# Sizing help needed, IF crown jewel



## narlus (May 31, 2006)

hey - was wondering how the IF typically run, sizing-wise. i'm about 5'9" with an inseam of 30.25", and am looking at a 55cm frame (it's not built up). since i'm a strict mtb rider, i wouldn't even know what a correctly sized frame would feel like, but a couple of roadie friends told that 54-55 should be a good size.

any help is appreciated.


----------



## Indyfan (Mar 30, 2004)

*IF Sizing*

It would depend on if the bike has some odd dimensions. IF's are mostly made-to-measure. Back when they did offer a "standard" size option they were very similar to Lemond geometry. I would try to take a tape measure to the frame. Measure from a spot in the center of where two tunes meet to the appropriate opposite joint. If the top tube is not level, try to estimate level, unless the frame has fork, headset and wheels attached... Your leg, torso and arm-length measurements would help determine more closely (as well as a fexibility assessment), but a 54 or 55 with reasonably normal top-tube, head-tube lengths and head and seat tube angles will probably work pretty well fro you. Once you take the plunge into a road bike, have someone EXPERIENCED work with you to get your riding position right.
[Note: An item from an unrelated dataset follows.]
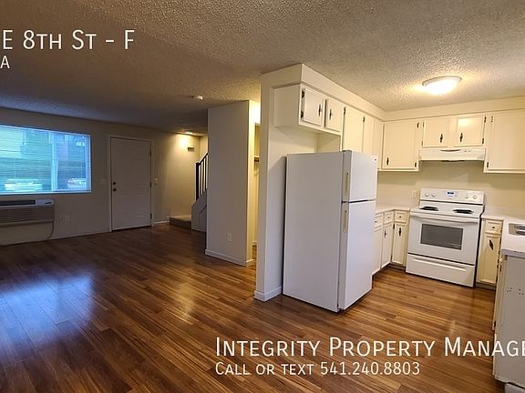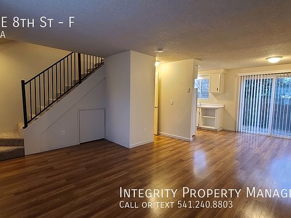 This two story unit has been freshly painted, with two bedrooms upstairs and the living room, kitchen and half bath downstairs. There's a cozy patio off the back, car port and on site co-op laundry. Frequently Asked Questions: STATUS: Available Now PET RESTRICTIONS: No pets. SMOKING: No smoking, no vaping, no marijuana INCOME REQUIREMENT: Gross 3 times monthly rent CREDIT REQUIREMENT: At least 600. MOVE-IN COSTS: First Month Pro-rated, Security Deposit $1825 DEPOSIT TO HOLD: $500 upon approval, holds up to 7 days. APPLICATION INSTRUCTIONS (HOW TO APPLY): Apply online. All complete applications are processed as they are received. First approved applicant to submit $500 deposit gets unit.If applying with a Pet or Assistance Animal, complete profile at http integrity.HOUSING ASSISTANCE: Income must meet 3x the amount of tenant portion, plus utilities. More Information: Property Description Details AREA INFORMATION: Located on 8th Street between 7th and Grants Pass High School FLOORING: Hard flooring, carpet GARAGE/PARKING : Off Street Car Port Parking Available, limit 1 car. KITCHEN APPLIANCES INCLUDED: Fridge, oven/stove LAUNDRY APPLIANCES INCLUDED: Coin Op Laundry Machines Available PROPERTY TYPE: Apartment UTILITIES INCLUDED: Water, Sewer, Trash. Tenant responsible for power. YEAR BUILT: 1972 YARD: None Application, Lease Terms, and Fees *ADDITIONAL FEES NOT INCLUDED IN RENT: APPLICATION FEE: $55 RENTER'S INSURANCE: Required unless exempt by ORS 90.222 APPLICATION TURNAROUND TIME: 2-3 business days LEASE DURATION: Month-to-month HOA Instructions None *All information is deemed reliable but not guaranteed and is subject to change.* All Integrity Property Management residents have the exciting opportunity to enroll in the Resident Benefits Package (RBP)! For just $39.95/month residents can enjoy exclusive benefits including HVAC Quarterly Filter Deliveries, comprehensive renter's insurance coverage, credit building to boost their credit score with timely rent payments, up to $1M in Identity Theft Protection, our top-notch resident rewards program, and much more! Residents can enhance their RBP by adding on-demand pest control for an additional $14/month.
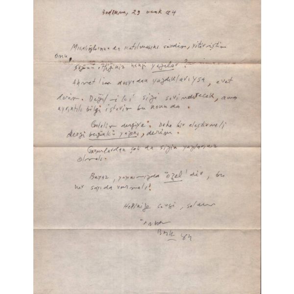 İlhan Berk´in, "Beyaz" dergisinin içeriği ve yazın dünyasındaki yeri hakkındaki eleştiri ve düşüncelerini kaleme aldığı mektup, "Gelelim sergiye: Daha bir eleştirmeli dergi bugünkü yazını, derim. Gavurlardan çok da sizin yazılarınız olmalı. Beyaz, yazınımızda özel´dir, bu her sayıda vurgulanmalı!" ifadelerini içermektedir.

Don't hesitate to pay good money for this, it will mean the difference between learning to love road riding and thinking we're all nuts on the pavement...

Bob


----------



## narlus (May 31, 2006)

thanks for the reply, bob. it's an older frame ('00), and i am getting the top tube measurement from the seller now.

in terms of getting the riding position right, once the frame is set, i guess the only other adjustments would be the stem length, perhaps a post choice (straight or offset), and/or saddle rail clamp position?


----------